This is part II of the "funding of Taika" war story, part I here:

http://tane.li/2008/war-story-funding-taika-technologies-part-i

Brief summary: months after the dot-com nuclear meltdown of 2000 my first startup Taika Technologies managed to secure a financing round for more than 19M EUR valuation, with no product and no revenue. How? What's the story?

Taika had just managed to get professor Reijo Luostarinen onboard as our new chairman. He was vital in approaching VCs and we had just written a business plan. Our vision was that "one day the Internet will be social, people will share, talk and network online in a massive global scale".

Even prior to Reijo joining our team we had managed to get many meetings with VCs, and he helped in opening up more doors. The first VC we had originally pitched Taika to was no other than Nokia Venture Partners, the VC behind PayPal. They passed on Taika very quickly like a pro, and as they probably should have considering that we didn't have a written business plan at that time. Besides Nokia we had already talked to Tekes, Finnvera, SFK Finance, MVI Partners, and Sonera Ventures. Some of those companies don't even exists any more, how quickly do the times change.

With a door-opener and credibility boost in the form of Reijo we set out to talk to multiple investors. We presented our holistic and nearly all-encompassing vision of the "social Internet", which extended to online gaming as much as peer-to-peer filesharing. Concepts that were barely visible in 1999 and early 2000. Reading from my old files, the kind of rhetoric we used had stuff like:

- "grand global scale" (social networking megatrend),
- "online community feel and atmosphere" (horizontals vs the verticals, the user experience as the most important thing),
- "virtual economy" (habbo-like virtual stuff, online games),
- "virtual collective" (Digg, votes and user generated content),
- "business scalability" (scales to hundreds of millions of people),
- "effects of virtual economy on revenue models" (how to sell virtual stuff and trinkets),
- "product branding, visibility and promotion" (social media advertising),
- "Taika's unique way of segmenting customers and their needs" (forgetting traditional segments and redoing them in a more relevant manner).

Actually reading it now, about 9 years later, it still seems pretty valid and actually quite impressive. Did we write that? I guess we did ;) Our plans and presentations talked about the kind of stuff www.irc.fi and www.facebook.com, www.habbo.com, www.digg.com and www.myspace.com do as their daily business today.

We did the vast majority of our investor pitches as two man team: Reijo and myself. In some meetings Atte was also present to give a technical rundown of what we are going to do. My memories of the meetings are about this same pattern repeating: me, as the over-eager young dude, going on endlessly about the vision and everything it encompasses. Pretty soon the investors must have felt like their heads were spinning and the Q&A sessions were all over the map on a range of topics. To me (and to us, the founders) it all seemed so clear: having been part of the digital online culture from the BBS days (I was a SysOP of my own BBS for many years) we thought we knew exactly how the whole Big Picture was going to evolve and progress. The investors didn't have that same insight and convincing them of our vision wasn't quite that easy after all. We ended up talking and pitching to maybe around 30 VCs and investors in Finland, not that many of them demonstrated any signs of grasping our "social Internet" vision. Which is another way of saying that we (and I as a 21 year old) were quite naïve at times.
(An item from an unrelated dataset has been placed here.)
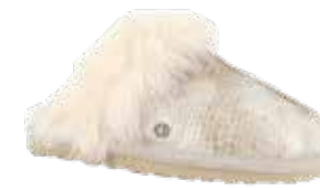
Croco Sand/Off White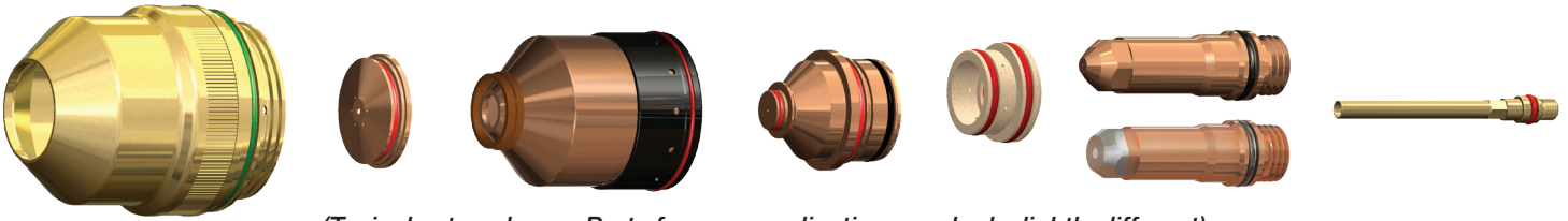
(Typical setup shown. Parts for your application may look slightly different)

After learning a lot of lessons the hard way we started to get some headway and had our first really truly interested investor. After a series of talks they seemed to understand the grand vision and proposed that they would invest, and even accept our high valuation for the company, if we would find another investor to co-invest with them. This was an absolutely critical moment in Taika's history, and it allowed us to build on the situation of having one supportive investor committed to the project with the condition of finding them company. Also the fact that they accepted our rather high valuation was excellent: the other investor would probably have to accept it as well.

We had a round of planning and decided that finding the co-investor would have to be in a manner that preferably creates an atmosphere of competition around "who gets to invest". So we proceeded collaterally with multiple investors. We were bold enough to call many of them into a meeting at the same time: I remember being there and watching 4 VCs in the same room glancing at each other and making tense remarks. None of them really admitted that they didn't get the vision, but they did complain about the valuation. The mood got really serious when one investor showed signs of not really considering the valuation to be so high. Remember: this was about 17M EUR post-money with an extensive stock option plan that would dilute the investor in effect making it a 19M EUR post-money proposal, for a company that had a grand vision and an eager team, but no product or revenue.

The competition between the investors started to heat up when we did a round of calls to them and tried to push them to move forward. One of them was brave enough to verbally close the deal right there on the phone: we had found our second investor! I printed out the investment papers and hopped in a taxi to meet the investor at the airport, we signed the papers in the airport arrivals lobby and suddenly the deal was done. I was 22 years old and now founder/owner of a company valued at 19M EUR by very well known and serious investors. The sky was the limit! (or so I thought).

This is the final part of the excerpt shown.